Sprycel works by inhibiting DDR2. The team chose the drug for additional testing "because of its status as the most potent inhibitor of DDR2 in vitro and in vivo and the prevalence of its use in clinical trials on tumors with specific activating mutations." of the DDR2, "the authors said in the same newspaper. study.

When they tested the combination of Sprycel and anti-PD-1, "we found that the number of cures in mice ranged from 10 to 15% to 90% in some cases," said the author. Correspondent of the study, Dan Theodorescu, MD, Ph.D., director of Cedars-Sinai Cancer, in a video interview.

"If our results are confirmed by clinical trials, it means that by combining the two types of drugs, we may be able to better reduce or even eliminate tumors of bladder, breast, and colon cancers. melanoma and sarcoma, "he said.

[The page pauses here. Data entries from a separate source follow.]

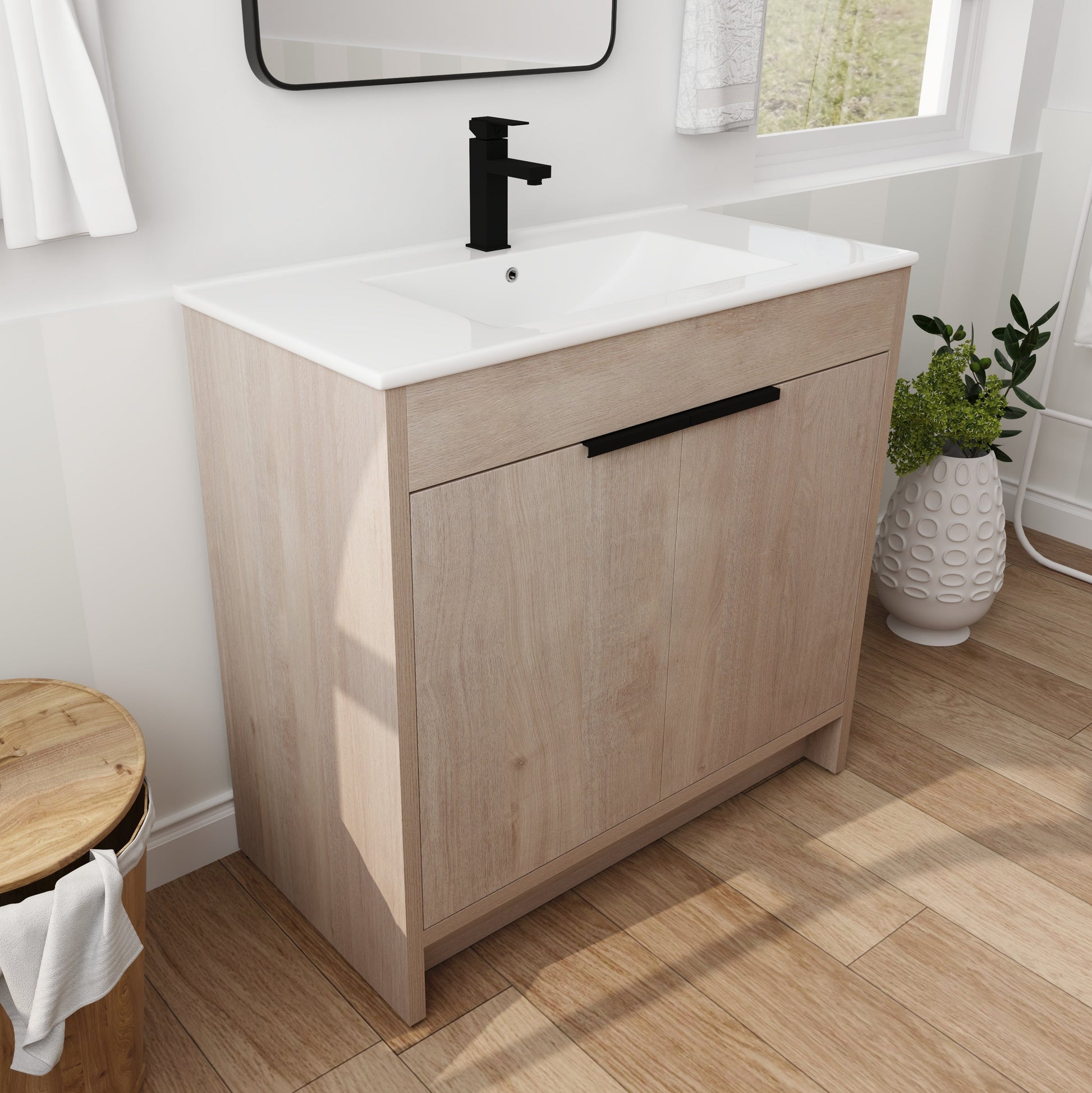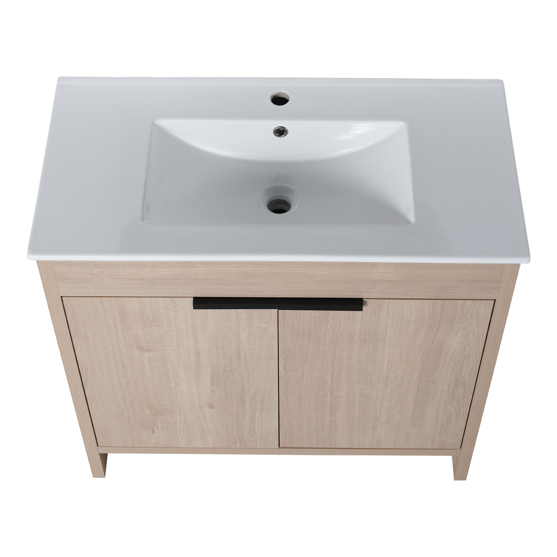 Walker Edison - 36 Inch Freestanding Bathroom Vanity with White Ceramic Sink & 2 Soft-Close Cabinet Doors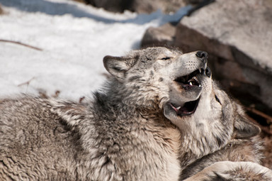 Taken at Wolf Park - Battle Ground, INHearing a wolf howl is a very unique and awe-inspiring thing--listening to the pitch of their voices rise and fall in a gentle chorus with one another as they speak to one another in a language we can only appreciate. When the wolves across the lake began to howl and the wind carried it to us, the main pack began to respond in kind, moving forward to the banks as us humans watched and listened. And then we began to join in as is encouraged by Wolf Park staff. Some of the photographers merely watched and didn\'t howl, some watched and howled, others like me watched, photographed and howled along with them to share a very small bond of wolfship with them that day.
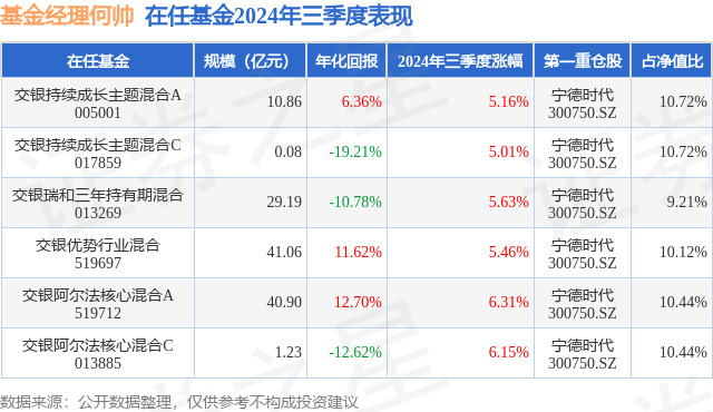 交银阿尔法核心混合C现任基金经理为何帅。其中在任基金经理何帅已从业9年又113天,2021年11月12日正式接手管理交银阿尔法核心混合C,任职期间累计回报为-32.86%。目前还管理着6只基金产品(包括A类和C类),其中本季度表现最佳的基金为交银阿尔法核心混合A(519712),季度净值涨幅为6.31%。

RELATED: Cancer killer virus plus PD-1 and MEK inhibitors allow melanoma attack on three fronts

Combined approaches to improve immunotherapies have been extensively studied on different types of cancer. According to the authors, more than 1,100 clinical trials were investigating the inhibition of PD-1 in combination with another treatment starting in 2017. While many use targeted therapies like Sprycel, some pursue different tactics.

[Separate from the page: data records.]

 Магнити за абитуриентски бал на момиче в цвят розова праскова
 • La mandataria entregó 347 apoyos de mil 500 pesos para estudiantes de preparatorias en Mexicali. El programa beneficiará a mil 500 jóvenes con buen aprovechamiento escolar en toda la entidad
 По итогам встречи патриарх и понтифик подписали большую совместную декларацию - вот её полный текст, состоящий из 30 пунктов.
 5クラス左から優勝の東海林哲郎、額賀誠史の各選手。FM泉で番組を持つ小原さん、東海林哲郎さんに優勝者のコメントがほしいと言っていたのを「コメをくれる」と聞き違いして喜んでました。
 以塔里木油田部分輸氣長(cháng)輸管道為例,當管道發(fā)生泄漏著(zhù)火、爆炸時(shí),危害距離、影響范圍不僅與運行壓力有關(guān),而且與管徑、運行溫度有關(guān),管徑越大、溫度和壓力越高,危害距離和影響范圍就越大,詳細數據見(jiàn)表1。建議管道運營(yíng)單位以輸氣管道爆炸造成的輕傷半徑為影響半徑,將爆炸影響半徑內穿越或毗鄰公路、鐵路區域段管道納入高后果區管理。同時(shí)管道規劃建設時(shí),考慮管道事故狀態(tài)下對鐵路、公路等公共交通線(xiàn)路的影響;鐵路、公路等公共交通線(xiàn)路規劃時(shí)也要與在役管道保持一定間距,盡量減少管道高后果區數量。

Researchers at the University of Southampton, for example, have already shown that the combination of varlilumab, the immunotherapy targeting Celldex Therapeutics CD27, with CD27-targeted immunotherapies, led to better results in murine models of Cancer. A team led by scientists at Massachusetts General Hospital recently discovered that adding Amgen Imlygic cancer killer virus to Novartis MEK inhibitor MEK-1 and Mekinist, helped fight tumors in almost all animals during a study on mice with melanoma.

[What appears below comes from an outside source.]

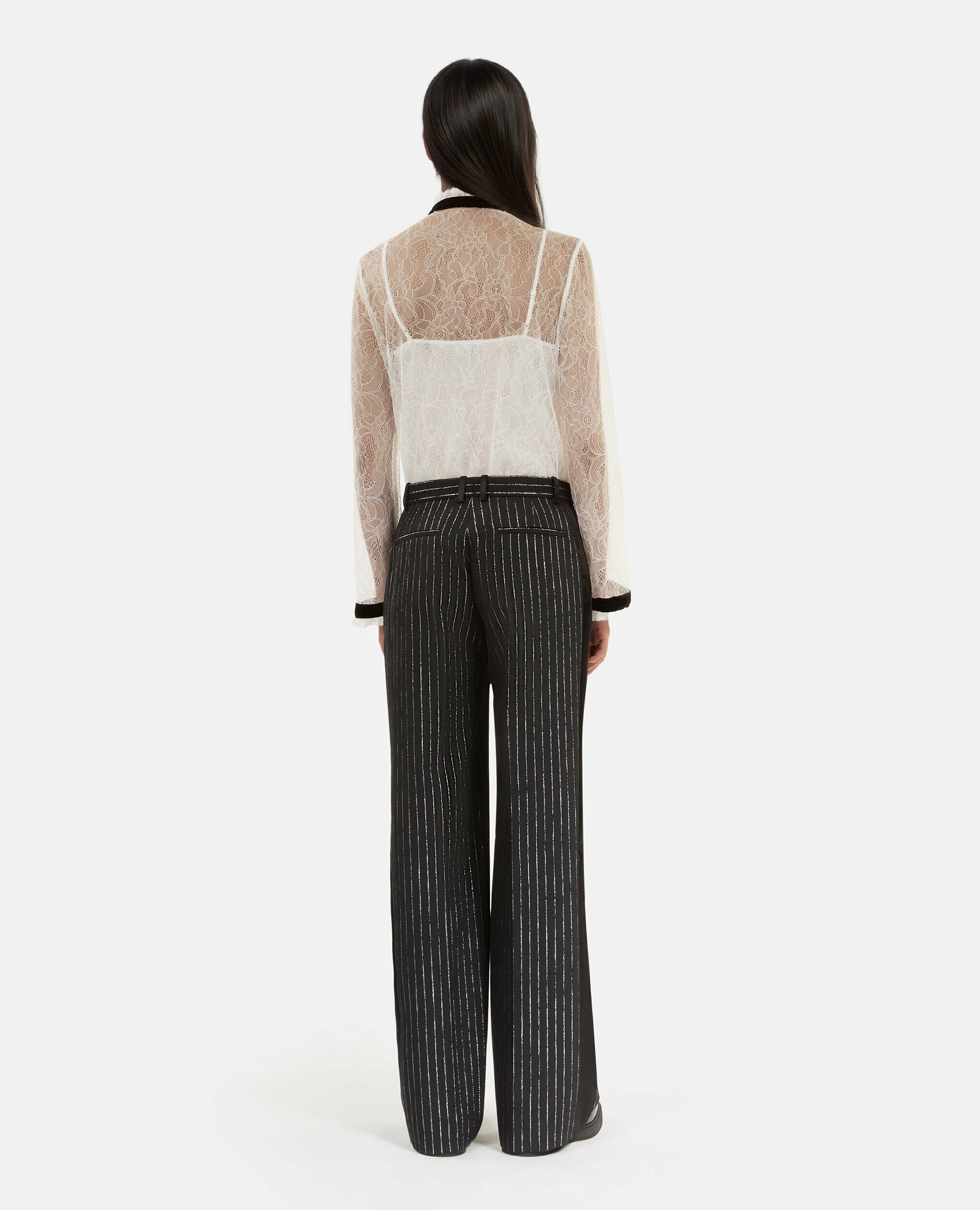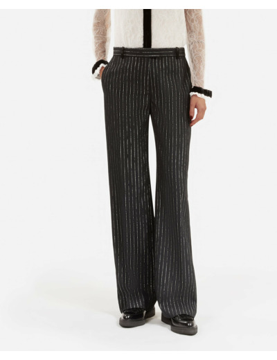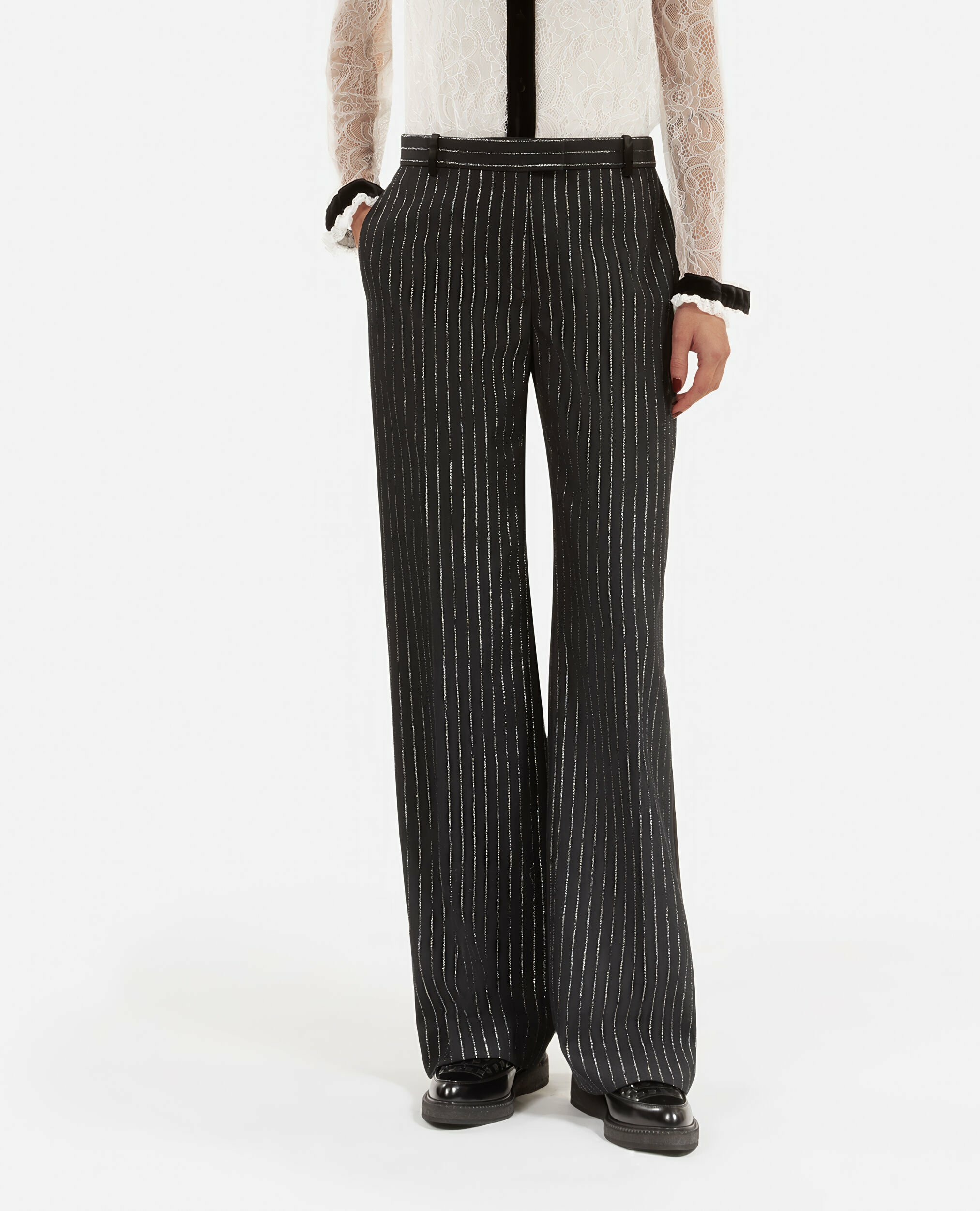 Pantalon femme The Kooples, taille moyenne avec passants, jambe droite, bandes en satin sur les côtés, fermeture zippée avec bouton de rappel et agrafe, poches latérales italiennes, poches passepoilées au dos.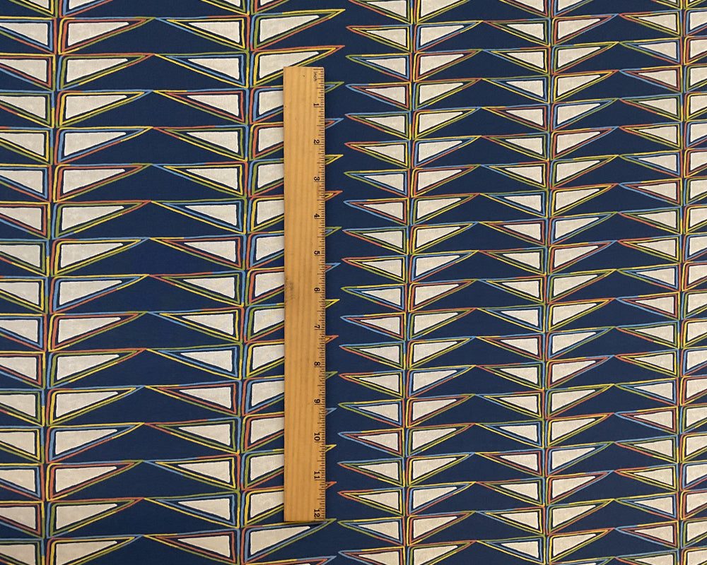 3 1/4 YD PC-Navy-Ivory-Orange-Yellow-Green Abstract Geo Silk Designer Remnant Fabric

Scientists at Columbia University also found that the combination of checkpoint inhibitors with pentoxifylline, a drug used to improve blood flow, prevented regulatory T cells (Tregs) from suppressing cancer-fighting T cells. And Seres Therapeutics, in collaboration with the MD Anderson Cancer Center and the Parker Institute, is studying the use of the gut microbiome to improve control point responses.

BMS has already begun evaluating its PD-1 inhibitor, Opdivo, with Sprycel in non-small cell lung cancer. The Phase 2 study should be read in April 2021.